CODE_ADDRESS = 0x74B000  # 0x6F8618  # Shellcode 的加载地址
STACK_ADDRESS = 0x0019C000  # 栈的起始地址（分配在高地址区域）
STACK_SIZE = 0x00080000  # 栈大小
ORIG_SP = STACK_ADDRESS + STACK_SIZE // 2
JUMP_BLOCK_RANGE = range(CODE_ADDRESS + 0x3fd0, CODE_ADDRESS + 0x137f0)

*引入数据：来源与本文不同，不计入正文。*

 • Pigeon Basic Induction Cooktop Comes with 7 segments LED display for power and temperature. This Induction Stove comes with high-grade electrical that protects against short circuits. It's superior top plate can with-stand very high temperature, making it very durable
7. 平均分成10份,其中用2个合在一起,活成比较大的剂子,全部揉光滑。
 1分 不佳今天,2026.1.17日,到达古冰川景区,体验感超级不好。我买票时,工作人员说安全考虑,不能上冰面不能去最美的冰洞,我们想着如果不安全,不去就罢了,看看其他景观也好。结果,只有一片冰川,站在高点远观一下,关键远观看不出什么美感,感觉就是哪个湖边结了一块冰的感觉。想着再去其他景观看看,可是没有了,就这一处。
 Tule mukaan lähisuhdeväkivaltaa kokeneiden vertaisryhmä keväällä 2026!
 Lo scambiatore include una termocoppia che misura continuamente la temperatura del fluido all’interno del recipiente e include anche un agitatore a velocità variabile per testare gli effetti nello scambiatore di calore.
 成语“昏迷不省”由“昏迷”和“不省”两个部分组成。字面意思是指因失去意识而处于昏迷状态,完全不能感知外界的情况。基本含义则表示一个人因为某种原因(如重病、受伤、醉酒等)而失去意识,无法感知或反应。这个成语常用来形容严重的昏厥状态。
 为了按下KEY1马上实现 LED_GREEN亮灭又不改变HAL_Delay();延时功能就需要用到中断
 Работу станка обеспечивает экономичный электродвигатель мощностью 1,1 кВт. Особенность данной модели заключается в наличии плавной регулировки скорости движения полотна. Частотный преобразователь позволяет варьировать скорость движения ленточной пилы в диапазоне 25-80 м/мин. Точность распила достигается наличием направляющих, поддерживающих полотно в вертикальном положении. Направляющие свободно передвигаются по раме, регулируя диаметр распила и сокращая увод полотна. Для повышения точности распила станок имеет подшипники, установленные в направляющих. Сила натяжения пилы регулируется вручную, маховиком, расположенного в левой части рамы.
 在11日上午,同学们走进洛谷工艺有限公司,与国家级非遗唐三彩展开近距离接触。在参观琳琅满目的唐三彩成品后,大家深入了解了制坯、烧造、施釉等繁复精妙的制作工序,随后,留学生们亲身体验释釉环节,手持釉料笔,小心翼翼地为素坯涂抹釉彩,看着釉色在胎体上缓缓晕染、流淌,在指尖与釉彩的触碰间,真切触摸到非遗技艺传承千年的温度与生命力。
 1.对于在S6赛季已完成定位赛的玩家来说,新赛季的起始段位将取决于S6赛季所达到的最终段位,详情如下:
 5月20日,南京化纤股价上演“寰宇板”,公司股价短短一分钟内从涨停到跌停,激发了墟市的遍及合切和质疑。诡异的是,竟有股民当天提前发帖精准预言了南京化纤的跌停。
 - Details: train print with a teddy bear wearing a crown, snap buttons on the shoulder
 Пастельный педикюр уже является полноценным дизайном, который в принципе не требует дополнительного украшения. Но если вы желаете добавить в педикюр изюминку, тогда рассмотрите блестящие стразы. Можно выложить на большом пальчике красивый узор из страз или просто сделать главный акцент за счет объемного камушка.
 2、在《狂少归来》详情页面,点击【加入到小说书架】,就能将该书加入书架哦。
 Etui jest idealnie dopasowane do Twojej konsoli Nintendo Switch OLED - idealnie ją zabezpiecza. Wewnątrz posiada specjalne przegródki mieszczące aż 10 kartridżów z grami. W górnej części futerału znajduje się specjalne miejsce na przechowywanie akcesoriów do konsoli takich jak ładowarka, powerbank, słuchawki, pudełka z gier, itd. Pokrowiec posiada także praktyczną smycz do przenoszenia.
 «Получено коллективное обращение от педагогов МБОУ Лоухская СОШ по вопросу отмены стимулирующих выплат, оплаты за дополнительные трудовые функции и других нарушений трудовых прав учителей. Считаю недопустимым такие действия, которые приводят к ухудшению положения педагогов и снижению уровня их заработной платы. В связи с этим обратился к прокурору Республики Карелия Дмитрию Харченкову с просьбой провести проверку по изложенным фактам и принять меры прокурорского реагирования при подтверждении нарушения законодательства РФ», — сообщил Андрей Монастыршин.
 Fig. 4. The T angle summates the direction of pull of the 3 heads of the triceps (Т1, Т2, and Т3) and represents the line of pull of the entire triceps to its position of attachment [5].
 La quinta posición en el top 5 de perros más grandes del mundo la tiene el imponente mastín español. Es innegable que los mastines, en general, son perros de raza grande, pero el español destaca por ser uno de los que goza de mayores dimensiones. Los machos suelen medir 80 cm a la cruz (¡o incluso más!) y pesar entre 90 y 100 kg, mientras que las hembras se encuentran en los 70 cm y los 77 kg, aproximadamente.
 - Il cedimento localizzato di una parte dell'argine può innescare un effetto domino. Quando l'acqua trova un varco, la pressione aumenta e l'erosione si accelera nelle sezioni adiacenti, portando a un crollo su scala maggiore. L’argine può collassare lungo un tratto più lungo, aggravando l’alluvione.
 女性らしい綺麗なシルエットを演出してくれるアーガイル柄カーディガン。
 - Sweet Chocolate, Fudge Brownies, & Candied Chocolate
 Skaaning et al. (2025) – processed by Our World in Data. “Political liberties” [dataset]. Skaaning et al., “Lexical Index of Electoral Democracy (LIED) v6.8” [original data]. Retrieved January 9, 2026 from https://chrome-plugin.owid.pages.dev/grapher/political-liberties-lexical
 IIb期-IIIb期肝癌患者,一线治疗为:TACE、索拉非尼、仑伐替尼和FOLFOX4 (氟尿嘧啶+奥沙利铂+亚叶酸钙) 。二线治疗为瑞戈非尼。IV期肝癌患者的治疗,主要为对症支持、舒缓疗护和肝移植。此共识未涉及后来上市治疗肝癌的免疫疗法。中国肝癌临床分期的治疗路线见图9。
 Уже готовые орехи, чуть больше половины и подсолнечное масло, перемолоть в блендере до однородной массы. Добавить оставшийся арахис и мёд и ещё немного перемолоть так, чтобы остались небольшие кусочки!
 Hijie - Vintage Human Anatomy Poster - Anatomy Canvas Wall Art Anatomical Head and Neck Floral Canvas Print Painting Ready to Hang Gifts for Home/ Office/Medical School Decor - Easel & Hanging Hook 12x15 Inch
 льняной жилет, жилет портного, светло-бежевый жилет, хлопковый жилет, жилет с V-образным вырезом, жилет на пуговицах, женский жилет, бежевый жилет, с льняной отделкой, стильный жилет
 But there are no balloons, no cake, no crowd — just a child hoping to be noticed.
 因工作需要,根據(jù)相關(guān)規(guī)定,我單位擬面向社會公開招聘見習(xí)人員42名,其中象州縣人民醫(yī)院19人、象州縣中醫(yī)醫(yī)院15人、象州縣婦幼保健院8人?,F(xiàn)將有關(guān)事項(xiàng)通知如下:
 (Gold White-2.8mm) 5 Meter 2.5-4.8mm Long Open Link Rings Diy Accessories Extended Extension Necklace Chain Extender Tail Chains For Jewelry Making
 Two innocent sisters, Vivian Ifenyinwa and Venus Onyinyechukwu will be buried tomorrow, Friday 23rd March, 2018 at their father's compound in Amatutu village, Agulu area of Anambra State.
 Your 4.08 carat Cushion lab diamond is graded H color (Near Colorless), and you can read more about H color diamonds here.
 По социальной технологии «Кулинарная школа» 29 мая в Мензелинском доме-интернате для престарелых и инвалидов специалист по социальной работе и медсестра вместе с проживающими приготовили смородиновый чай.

shellcode = open("shellcode.bin", "rb").read()

# 初始化 Unicorn 模拟器
mu = Uc(UC_ARCH_X86, UC_MODE_32)

# 映射内存
mu.mem_map(CODE_ADDRESS & ~0xFFF, ((len(shellcode) + 0xFFF) & ~0xFFF) + 0x1000)  # 为代码分配内存

mu.mem_map(STACK_ADDRESS, STACK_SIZE)  # 为栈分配内存

# 写入 Shellcode
mu.mem_write(CODE_ADDRESS, shellcode)

# 初始化栈指针（ESP 指向栈顶）
mu.reg_write(UC_X86_REG_ESP, STACK_ADDRESS + 0x0019F998 - 0x0019C000)

# 初始化 Capstone 用于反汇编
cs = Cs(CS_ARCH_X86, CS_MODE_32)



f = open("trace.txt", "w+")


class TraceInfo:
    def __init__(self, uc: unicorn.Uc, address, size):
        code = uc.mem_read(address, size)
        self.addr = address
        self.insn = next(cs.disasm(code, address))
        self.regs = self.get_registers(uc)
        self.regs_change = ""
        self.mem_change = ""

    def get_registers(self, uc: unicorn.Uc):
        return {
            'eax': uc.reg_read(UC_X86_REG_EAX),
            'ebx': uc.reg_read(UC_X86_REG_EBX),
            'ecx': uc.reg_read(UC_X86_REG_ECX),
            'edx': uc.reg_read(UC_X86_REG_EDX),
            'esi': uc.reg_read(UC_X86_REG_ESI),
            'edi': uc.reg_read(UC_X86_REG_EDI),
            'esp': uc.reg_read(UC_X86_REG_ESP),
            'ebp': uc.reg_read(UC_X86_REG_EBP),
            # 'eip': uc.reg_read(UC_X86_REG_EIP),
            'eflags': uc.reg_read(UC_X86_REG_EFLAGS),

            # 段寄存器（如需要可以添加调试信息）
            # 'cs': uc.reg_read(UC_X86_REG_CS),
            # 'ds': uc.reg_read(UC_X86_REG_DS),
            # 'es': uc.reg_read(UC_X86_REG_ES),
            # 'fs': uc.reg_read(UC_X86_REG_FS),
            # 'gs': uc.reg_read(UC_X86_REG_GS),
            # 'ss': uc.reg_read(UC_X86_REG_SS),
        }

    def set_regs_change(self, uc: unicorn.Uc):
        new_regs = self.get_registers(uc)
        diffs = []
        for reg, old_val in self.regs.items():
            new_val = new_regs[reg]
            if old_val != new_val:
                diffs.append(f"{reg}: {hex(old_val)}-> {hex(new_val)}")
        self.regs_change = " ".join(diffs)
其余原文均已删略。